I wanted to make brief comments on two headlines on the front page of yesterday’s Wall Street Journal. The first headline is the title of this post. The article beings: “Federal Reserve officials said they expect to keep short-term interest rates near zero for almost three more years and signaled they could restart a controversial bond-buying program in yet another campaign to rev up the disappointing economic recovery.”*
Obviously, my prior posts worrying about inflation have not been accurate, so my record as an economic predictor (or worrier) is suspect. But still, I wonder whether Chairman Bernanke and the other Fed governors know what the solution to our economic problems is. They stopped the financial crash from turning into a depression in 2008-09, but their efforts have not gotten the economy really started since then. Of course, if what we had was financial crash/recession (like in the 1930s), as opposed to the more run-of-the-mill recessions we have had recently, then the fact that they don’t know what to do is understandable. This is the first one of those recessions we have had since the 1930s.
But if the Fed really doesn’t know what to do and what will work – and the Fed’s trying so many unusual policies seems to indicate that they don’t, then maybe it would better if they stopped trying so much. Instead of doing so many things that they have never done before and that they don’t know will work (or even how they will work and whether they will do more good than harm), maybe they ought to stop. Maybe they should just set some kind of reasonable, middle-of-the-road, medium-term policy and then get out of the way and let the economy get better on its own.

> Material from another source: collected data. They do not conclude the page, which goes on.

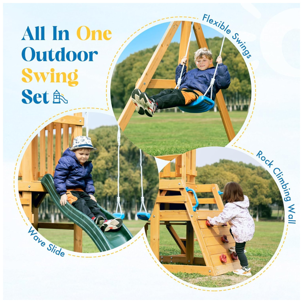 Construção Durável e Segura: Feito com madeira maciça de alta qualidade, este conjunto de balanço apresenta uma superfície lisa e livre de farpas. É robusto e estável, capaz de resistir a ventos fortes, garantindo a segurança das crianças. Com capacidade para até 6 crianças, oferece espaço suficiente para balançar, escorregar e criar memórias inesquecíveis com os amigos!
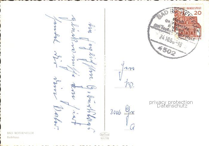 72207602 alte Postkarte Bad Rothenfelde Badehaus postalisch gelaufen Erhaltung siehe scans KatCode: 11110003459006
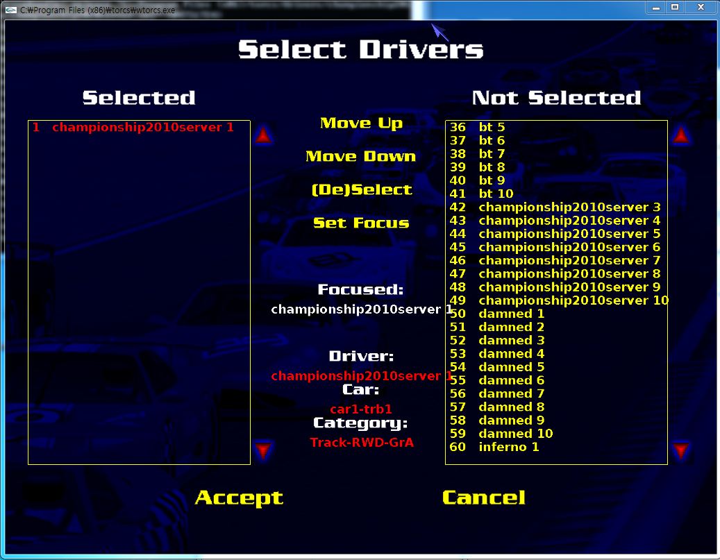 • Run TORCS. RACE-Quick Race-Configure Race- Choose Your Map and you can see the following screen. Please select championship2011server1
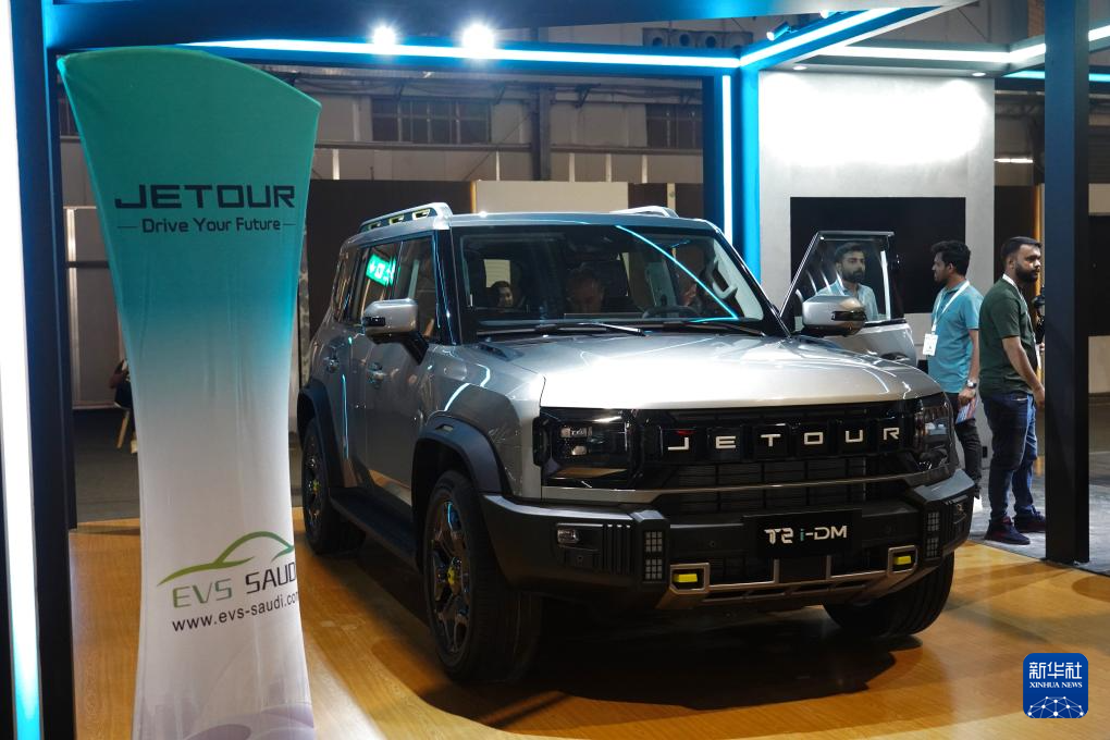 5月4日,在沙特阿拉伯利雅得举办的展会上,观众参观捷途汽车。
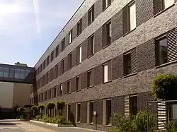 Ein gläserner Fußgängerübergang verbindet dieses Gebäude mit dem Südflügel des Haupthauses. Das Flachdach des Neubaus ist mit Moosen und Flechten begrünt.
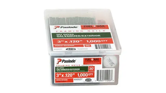 Our Hot Dipped Galvanized Nails offer premium corrosion protection and reduce staining and streaking by 80%. They are designed and manufactured to match the specs of Paslode nailers so your nailer will run smooth, with fewer misfires and jams while driving flush, even into the toughest materials. They're IRC R319.3 code approved for use in pressure treated lumber in accordance with ASTM A 153.
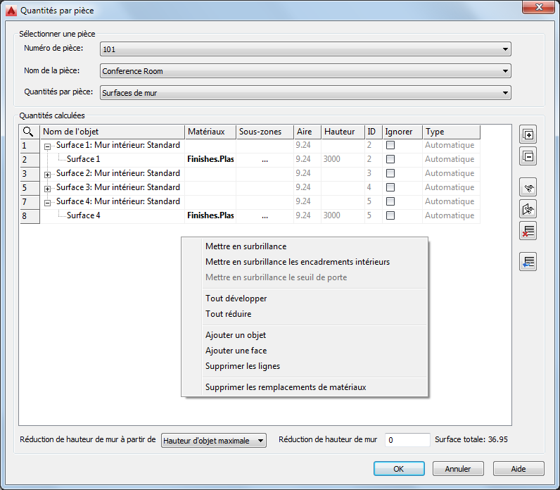 3. Pour chaque quantité par pièce calculée (surfaces de mur, de sol et de plafond), cliquez sur le bouton Parcourir pour afficher toutes les sous-zones associées :
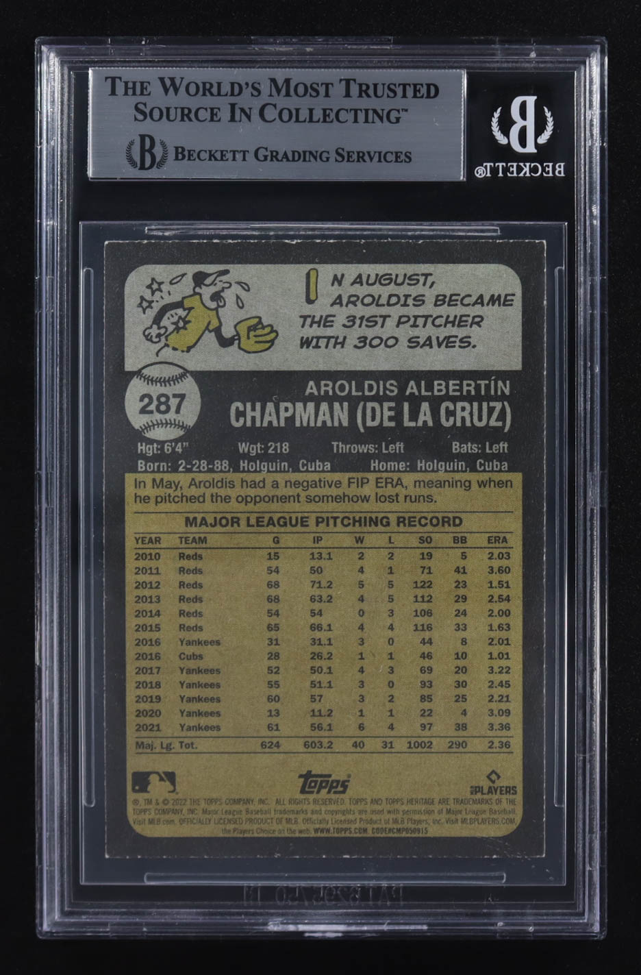 Aroldis Chapman Signed 2022 Topps Heritage #287 (BGS Encapsulated)
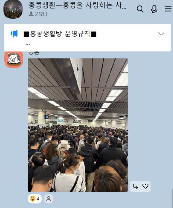 ▲ 홍콩한인들의 카톡 단체방(홍콩생활방)에 게시된 12월 25일 중국선전 출국 상황
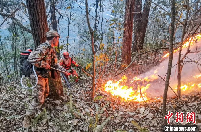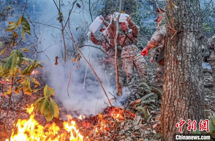 中新网百色2月23日电 (胡保卫 刘中海 梁力)2月21日14时30分许,广西百色市乐业县幼平乡达心村突发山林火灾。武警广西总队百色支队70余名官兵闻令而动,迅疾赶赴一线,按照“一情多案”的原则,灵活运用“控”“割”“灭”“扫”等方式,成功扑灭任务区域火情。
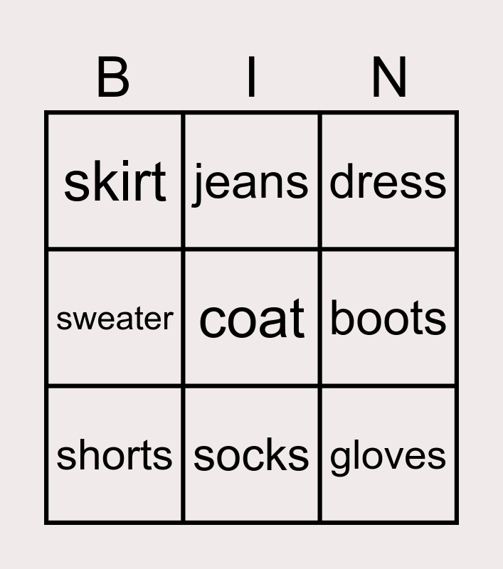 This bingo card has 17 words: hat, trousers, dress, skirt, Free!, sweater, T-shirt, shorts, socks, boots, shoes, scarf, coat, jeans, gloves, jacket and shirt.

Actually, it seems likely that, to the extent the government needs to do something to help the economy, it is Congress and the President who need to do something, the Federal Reserve having already done as much it is capable of doing. Instead of monetary policy being the problem (and the solution), it seems likely it is spending policies and tax policies that need to be fixed. The Fed can’t do that – and there is no reason they should continue to try doing other things if it is spending and taxing policies that need to be changed. Because by trying to do things it is not equipped to do, the Fed may wind up accomplishing less than if it just did what it can do properly.
-----------
* Luca Di Leo and Jon Hilsenrath, “Fed Sees Low Rates to 2014,” The Wall Street Journal, January 26, 2012.